Greetings, below is a quick sample article based on a personal hobby. If you find my style of writing attractive please feel free hire me as I am self motivated and can write to most topics.
One of the great American past times is hot rodding. Souped up cars and the racing culture that goes with them have been with us for decades. However America's highways are no longer the wide open expanses strips of blacktop they once were. The number of cars on the road combined with the ever increasing amounts of power a racer can tweak from his motor have created a public crisis.
From the origins of Nascar as moonshiners, to Hollywood movies like Smoky and the Bandit, Gone In 60 Seconds and Fast and the Furious the myth of running full bore through the streets has created a mythos that is killing people across the country. Sometimes its just the racers and their passengers, but often innocents get caught in the middle of a race gone wrong and have to pay the ultimate price.
Adding to the mix is an ever increasing array of new cars packing serious power straight from the factory, and a plethora of cheap, easy to install power adders. There has never been more horsepower on the streets of America. With so much power so readily available, to so many people, from local speed shops to the internet power adders anyone can be driving a race car.

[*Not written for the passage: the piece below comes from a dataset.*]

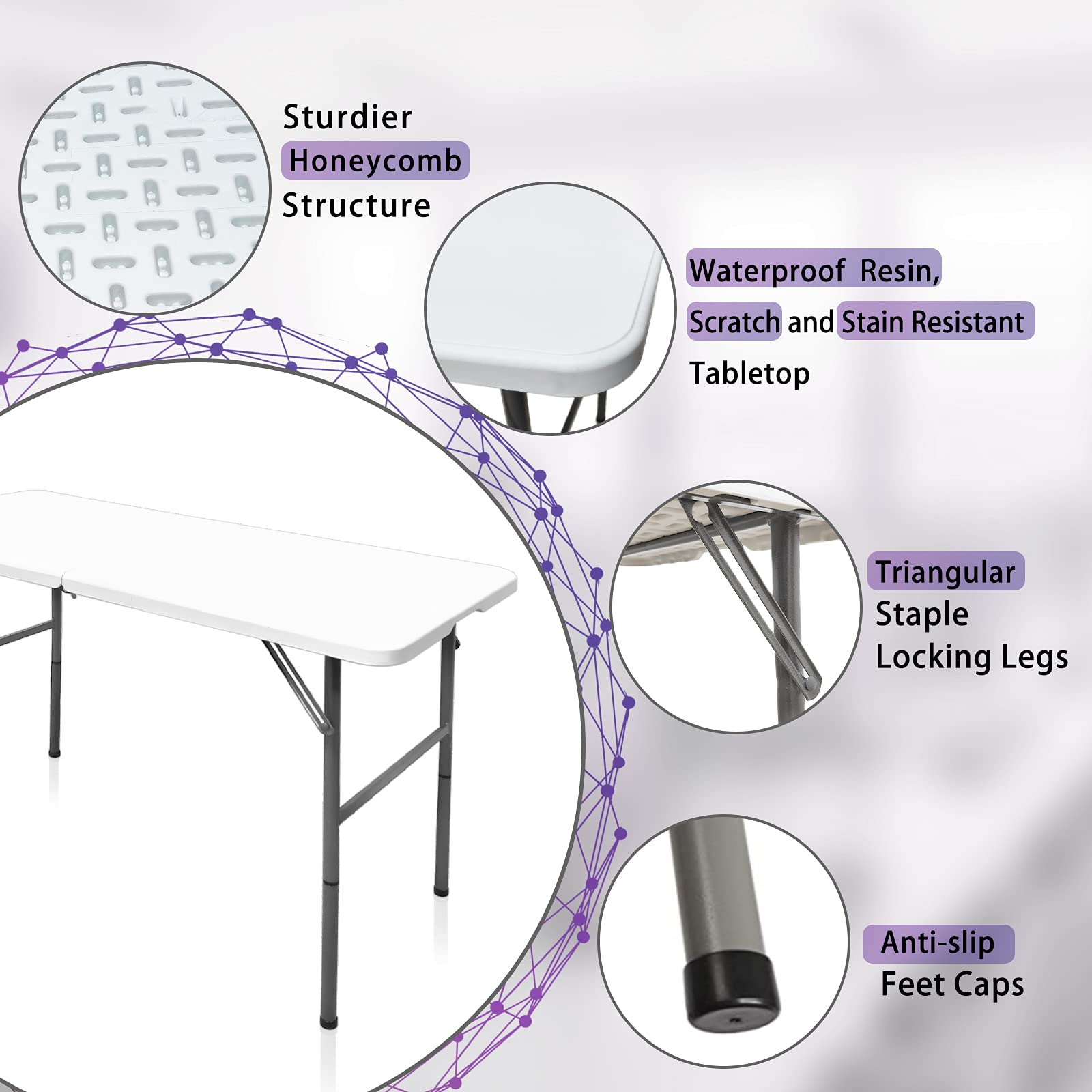 • Simple & Sleek Design:The white minimalist design makes this outdoor folding table blend in with any scene, and the size is suitable for 2-6 people. It offers a perfect space for cards, puzzles, games, crafts, picnic and more.

Law enforcement efforts to stop street racing are fighting a rising tide. Especially since videos of law officers engaging in street racing can be readily found on the internet. All law enforcement really accomplishes is the relocation of the racers in a dangerous game of hide and seek at hide speed, with a few extra dollars for local coffers thrown in for good measure. Enforcement will not solve the problem, only access to tracks and peer pressure from other racers will.
The only real solution is to open more race tracks to the public and to do it more often. A quick informal survey of almost any weekend gathering of gear heads and tuners will reveal a desire to take it to the track. However, these same people who want to take it to the track often lack access to one in most cases. Fixing this lack of access offers the best solution to the street racing crisis. Yet, getting more tacks built or open to the public is a serious challenge.
Some other benefits to tracks is that most do not allow passengers. If a wreck does occur the number of people involved is smaller. Plus tracks often require safety gear like helmets, have walls to contain the wrecks to the track and away from bystanders and/or have emergency personal on site. tracks have so much going for them, except local support.
For a track to be effective it needs to be close enough to the major cities where the street racers hangout. yet this often causes a NIMBY (not in my backyard) reaction from local residents. Besides noise and traffic concerns, property prices are often an impediment to opening new tracks. That is why the government must play a role in the issue.
Local and state governments often have surplus land they could donate, and they control zoning, taxing and licensing regulations and requirements. Public-private ventures offer perhaps the best avenue to the creation of new tracks. However local governments, quick to crack down on street racing and to collect the fines, seem to have little interest in actually fixing the problem. Until they do, watch out, an out of control street race might be coming to a neighborhood near you.